Zeynep Yerli de direnen emekçileri selamlayarak başladığı konuşmasında “Bugün burada dimdik durup hakkımı arıyorum ve emek mücadelesi veren tüm direnişçileri sahipleniyorum” dedi.




 

Dosyasını doldurmak için dava açmışlar

 

Ankara Cumhuriyet Başsavcılığı, KHK ile ihraç edildikleri işlerine geri dönmek için 9 Mart’tan beri açlık grevi yapan kamu emekçileri Nuriye Gülmen ve Semih Özakça hakkında sosyal medya paylaşımlarını gerekçe göstererek “örgüt üyeliği” gerekçesiyle Mayıs ayında dava açmıştı. Eskişehir Cumhuriyet Başsavcılığı da, bunların yanı sıra, 12 Haziran 2017’de, Gülmen dahil 5 sanığa, Haziran Direnişi sırasında dövülerek katledilen Ali İsmail Korkmaz ile ilgili Eskişehir’de yapılan basın açıklaması ve etkinliklere katıldıkları gerekçesiyle “örgüt propagandası yapmak” gerekçesiyle dava açtı.

Gülmen’in avukatlarından Murat Yılmaz, “Ankara Savcılığı davayı açtıktan sonra boş olan dosyayı doldurmak için bu sefer Eskişehir Savcılığı, 4 sene önceki Ali İsmail Korkmaz ile ilgili etkinlikleri, basın açıklamalarını gerekçe göstererek davalar açmıştır.

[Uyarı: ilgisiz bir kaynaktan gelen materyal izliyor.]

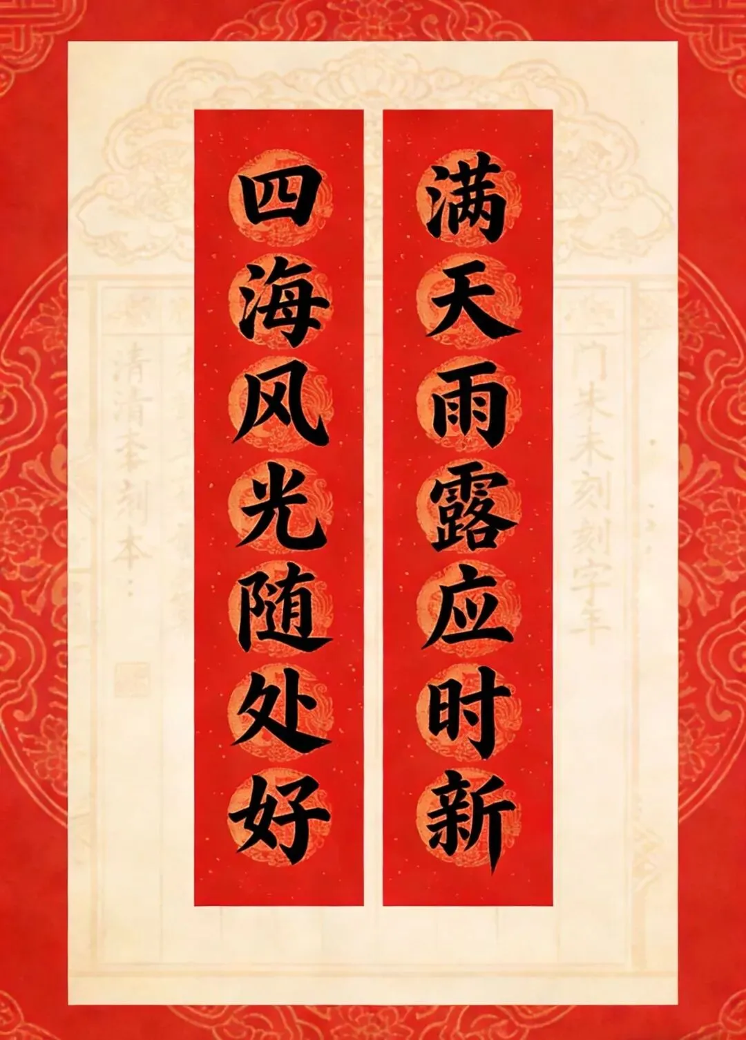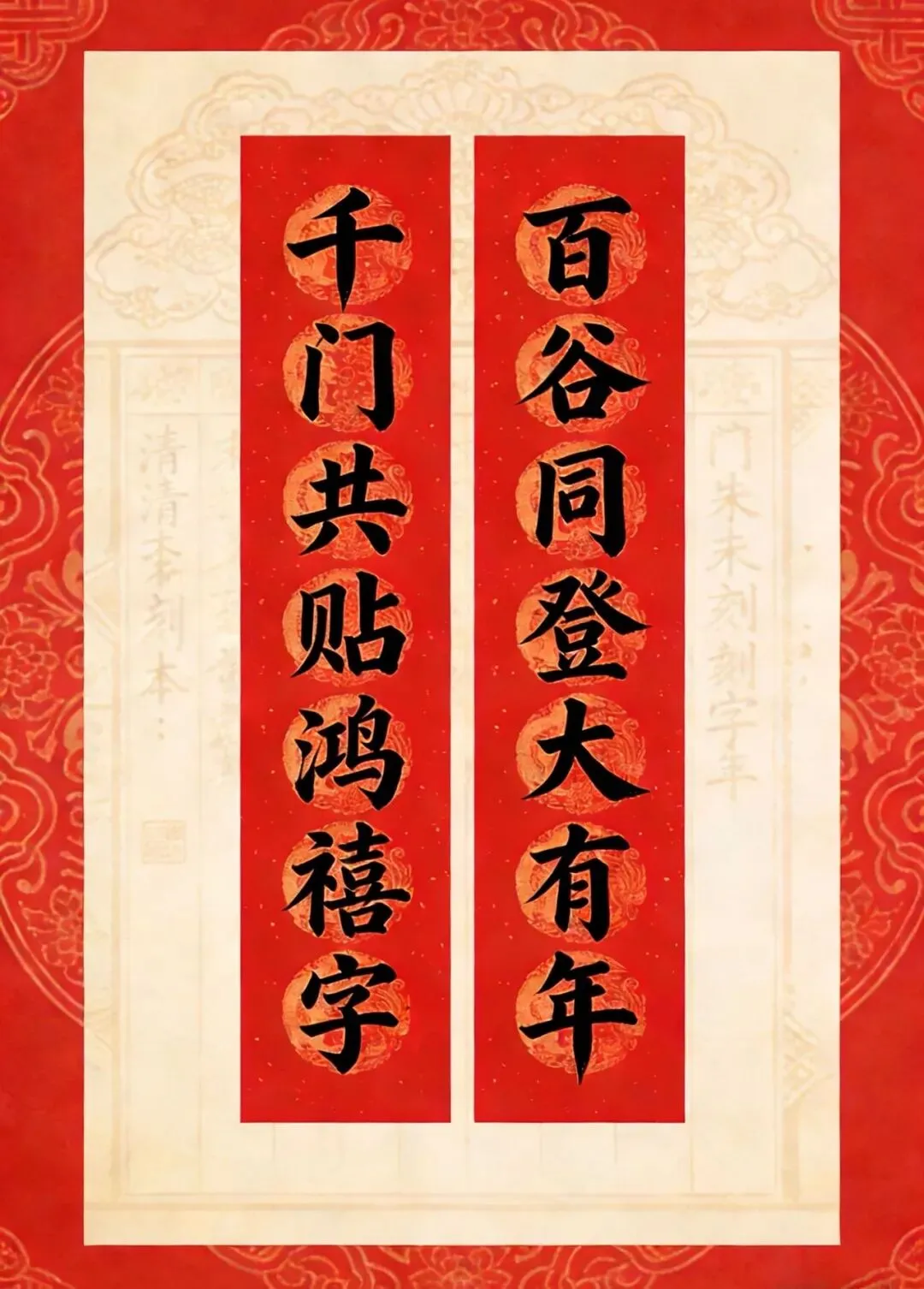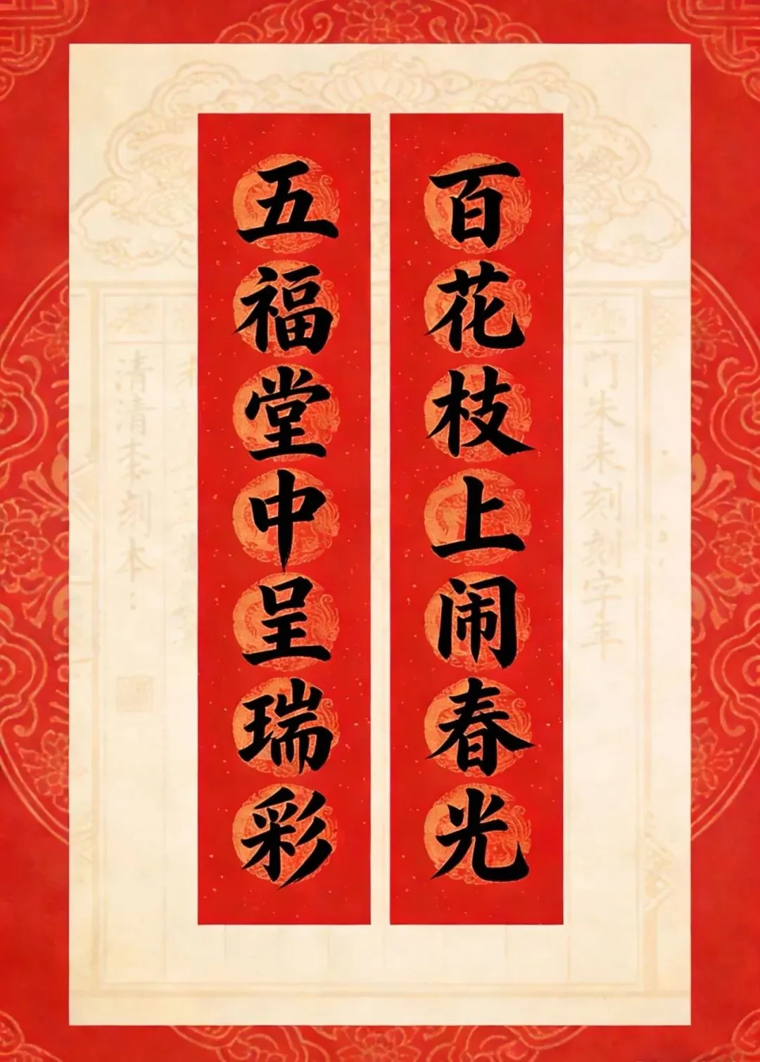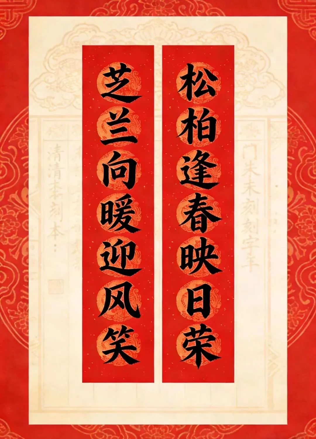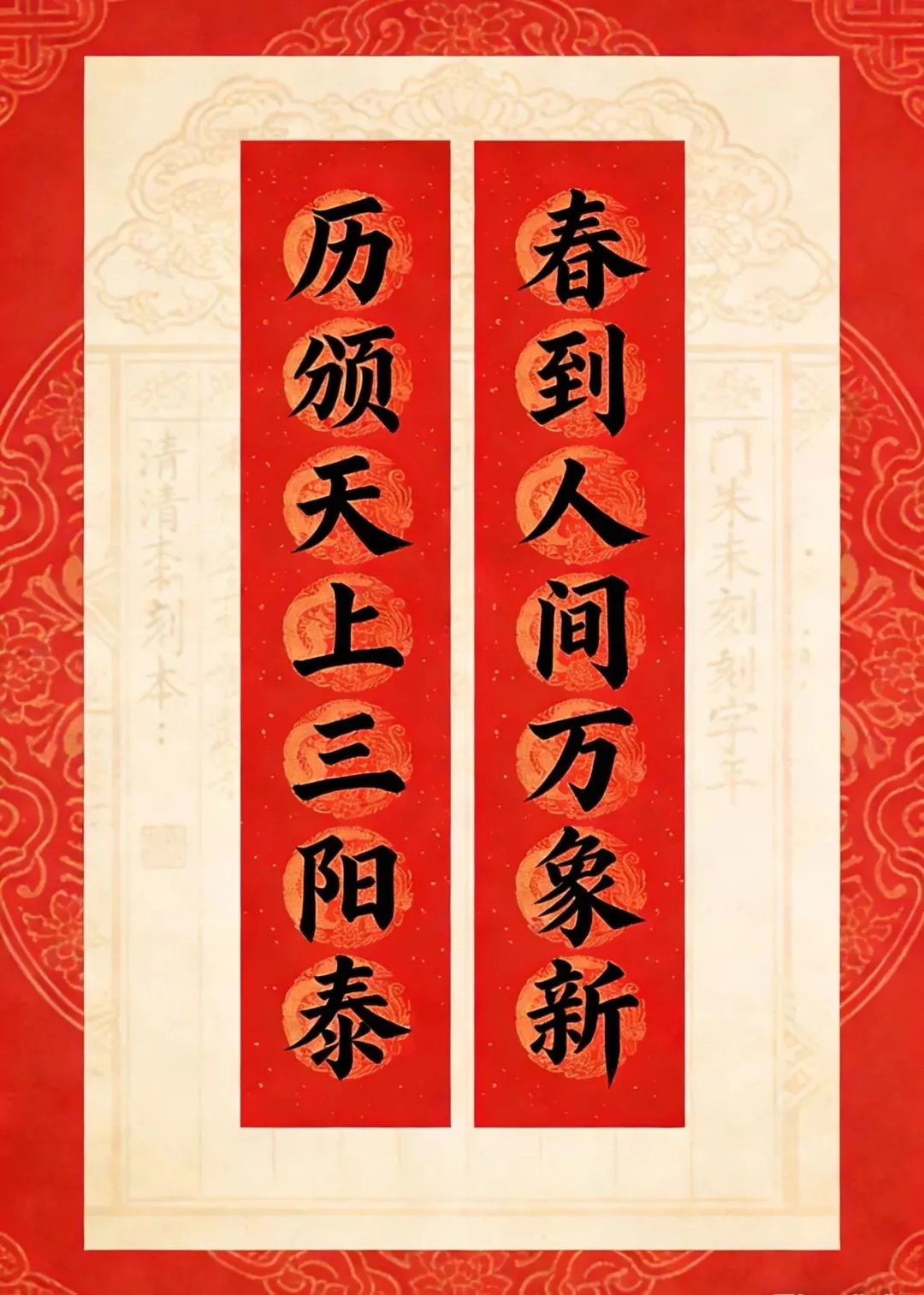 备注:“百副历代优秀春联”之一。2025年曾发布,下联为“百福庆春风”,选自清光绪二十四年(1898)刻本《对联大观》。

Amaç dosyayı doldurmaktır” dedi.

 

 

 

 

Savaşa değil emekliye bütçe!”

 

DİSK Emekli-Sen İstanbul Şubesi, 2018 bütçe görüşmelerinde açıklanan rakamların savaş ve rant için hazırlanmasını protesto ederek, bütçenin emekliye ve emekçiye ayrılmasını talep etti.

21 Kasım’da Galatasaray Meydanı’nda yapılan açıklamada “Savaşa ve ranta değil, emekliye, emekçiye bütçe! /DİSK Emekli-Sen” yazılı ozalit açıldı. Bütçeyi savaşa ve ranta ayıranlara göre işçi ve emekçilerin ülkeyi daha iyi yöneteceğine vurgu yapılan açılış konuşmasından sonra basın açıklaması yapıldı.

2017’de asgari ücretin açlık sınırının altında olduğu ve 2018 bütçesinin de savaşa ve ranta ayrıldığı belirtilen açıklamada son olarak “Milyonlarca emekliyi mağdur eden savaş, rant ve yağma bütçesi yapılmaktan vazgeçilmeli. Gelir dağılımında eşitlik sağlayacak düzenlemeler içeren, emekten yana demokratik, eşitlikçi, halkçı bütçe yapılmalıdır” denildi.

Basın açıklamasında “Savaşa değil emekliye/emekçiye/sağlığa bütçe!”, “Sadaka değil toplu sözleşme!”, “Kurtuluş yok tek başına ya hep beraber ya hiç birimiz!” sloganları atıldı.